=== Supplied data ===
--------

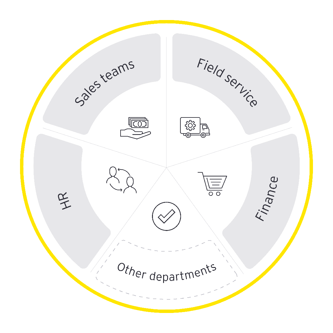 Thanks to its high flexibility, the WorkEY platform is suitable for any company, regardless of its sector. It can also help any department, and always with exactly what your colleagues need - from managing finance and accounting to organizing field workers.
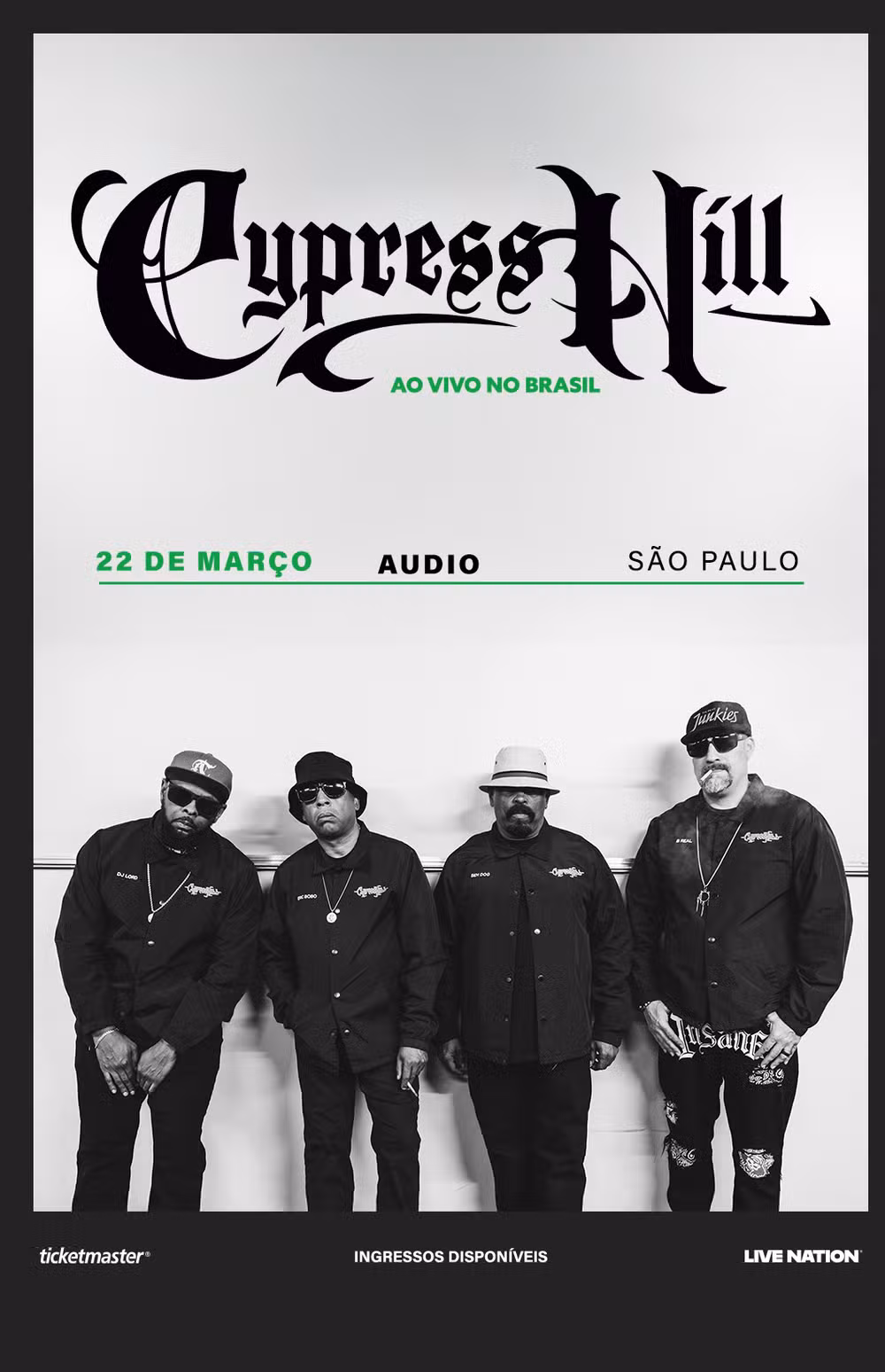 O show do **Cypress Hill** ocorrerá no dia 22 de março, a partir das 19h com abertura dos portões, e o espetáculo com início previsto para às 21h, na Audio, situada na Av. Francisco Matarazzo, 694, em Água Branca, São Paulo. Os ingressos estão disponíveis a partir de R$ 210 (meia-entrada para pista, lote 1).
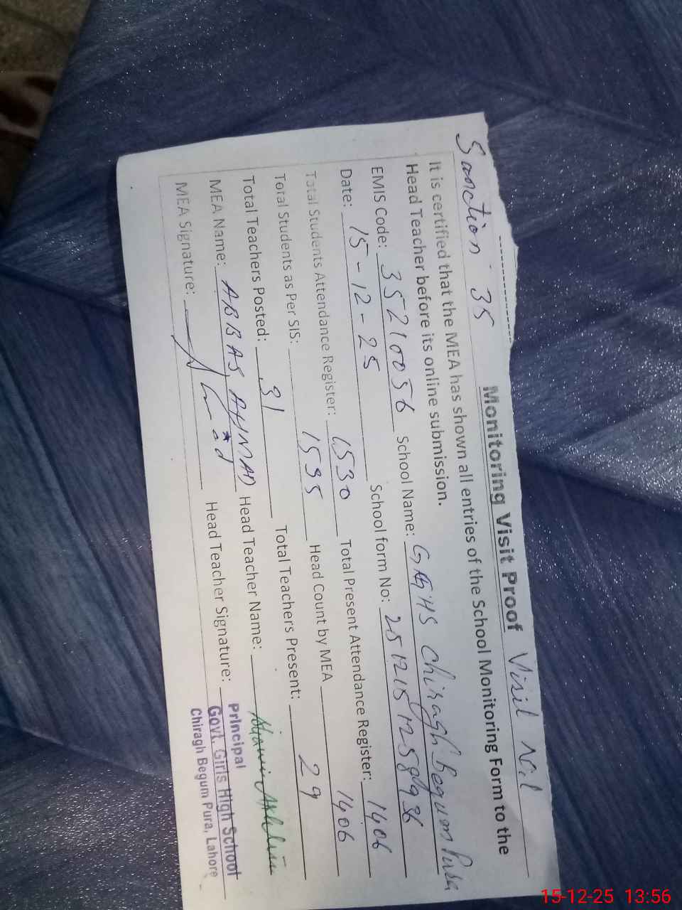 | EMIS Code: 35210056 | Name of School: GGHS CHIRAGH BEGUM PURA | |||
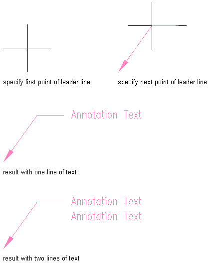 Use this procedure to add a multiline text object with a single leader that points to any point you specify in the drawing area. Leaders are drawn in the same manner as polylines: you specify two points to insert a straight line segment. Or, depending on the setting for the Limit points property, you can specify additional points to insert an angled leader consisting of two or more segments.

--------

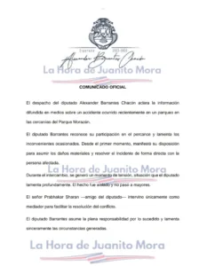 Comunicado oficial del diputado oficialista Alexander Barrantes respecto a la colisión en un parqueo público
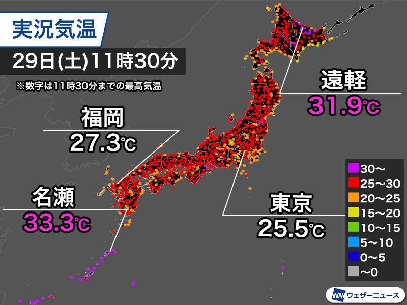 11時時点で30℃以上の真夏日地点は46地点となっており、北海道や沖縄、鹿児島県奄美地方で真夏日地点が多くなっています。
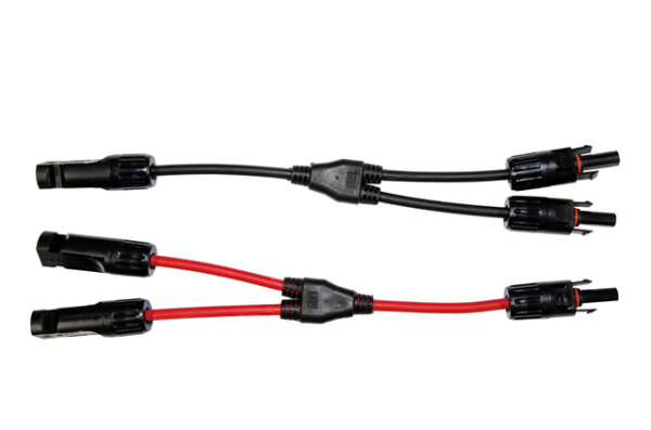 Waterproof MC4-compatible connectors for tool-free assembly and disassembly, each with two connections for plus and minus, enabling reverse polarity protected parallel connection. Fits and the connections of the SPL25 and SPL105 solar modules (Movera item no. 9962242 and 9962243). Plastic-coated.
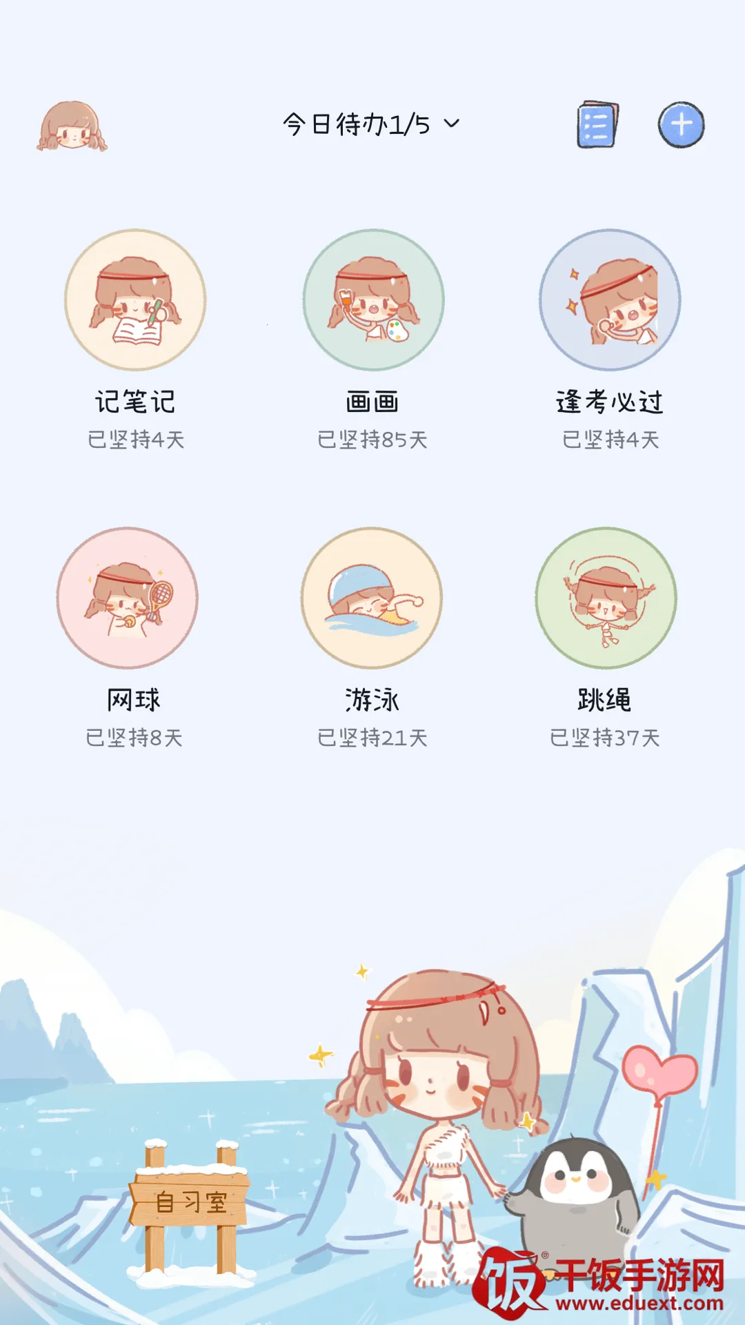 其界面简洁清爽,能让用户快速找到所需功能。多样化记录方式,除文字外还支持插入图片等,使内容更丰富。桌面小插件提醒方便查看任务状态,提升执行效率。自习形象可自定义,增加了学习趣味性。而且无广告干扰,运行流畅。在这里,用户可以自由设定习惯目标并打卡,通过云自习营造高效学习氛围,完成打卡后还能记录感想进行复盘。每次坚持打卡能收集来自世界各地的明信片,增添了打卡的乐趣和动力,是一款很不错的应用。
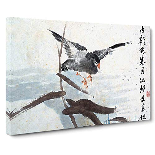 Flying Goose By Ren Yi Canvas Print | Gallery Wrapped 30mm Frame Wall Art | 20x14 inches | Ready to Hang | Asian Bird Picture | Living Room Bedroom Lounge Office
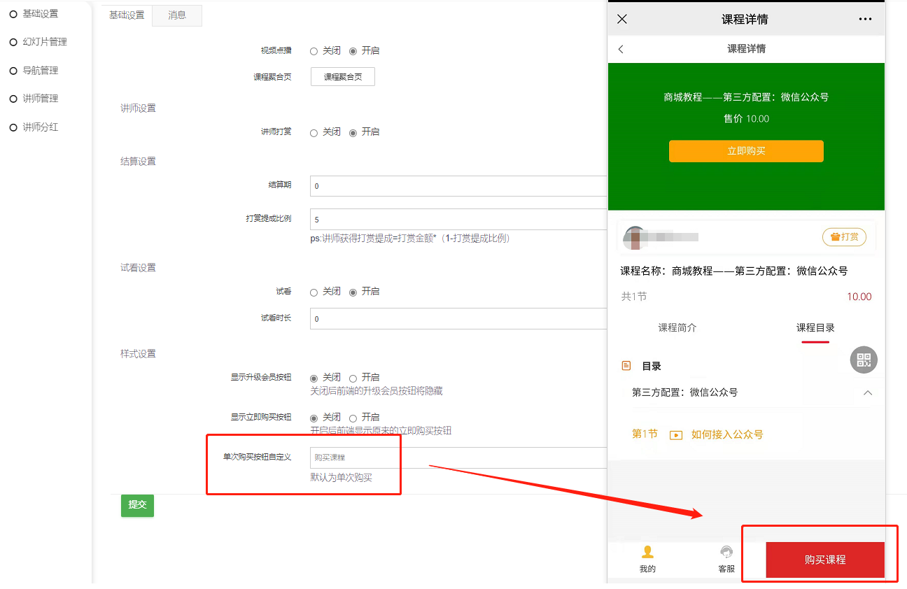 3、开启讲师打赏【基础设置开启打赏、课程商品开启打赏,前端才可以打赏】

--------

=== The problem ===
Although the records above contain pictures, the copy should not; retype exactly the lines from the one containing "其界面简洁清爽,能让用户快速" through the one containing "3、开启讲师打赏【基础设置开启打赏、课程商品开启打赏,前端才可以打赏】".

=== The answer ===
 其界面简洁清爽,能让用户快速找到所需功能。多样化记录方式,除文字外还支持插入图片等,使内容更丰富。桌面小插件提醒方便查看任务状态,提升执行效率。自习形象可自定义,增加了学习趣味性。而且无广告干扰,运行流畅。在这里,用户可以自由设定习惯目标并打卡,通过云自习营造高效学习氛围,完成打卡后还能记录感想进行复盘。每次坚持打卡能收集来自世界各地的明信片,增添了打卡的乐趣和动力,是一款很不错的应用。
 Flying Goose By Ren Yi Canvas Print | Gallery Wrapped 30mm Frame Wall Art | 20x14 inches | Ready to Hang | Asian Bird Picture | Living Room Bedroom Lounge Office
 3、开启讲师打赏【基础设置开启打赏、课程商品开启打赏,前端才可以打赏】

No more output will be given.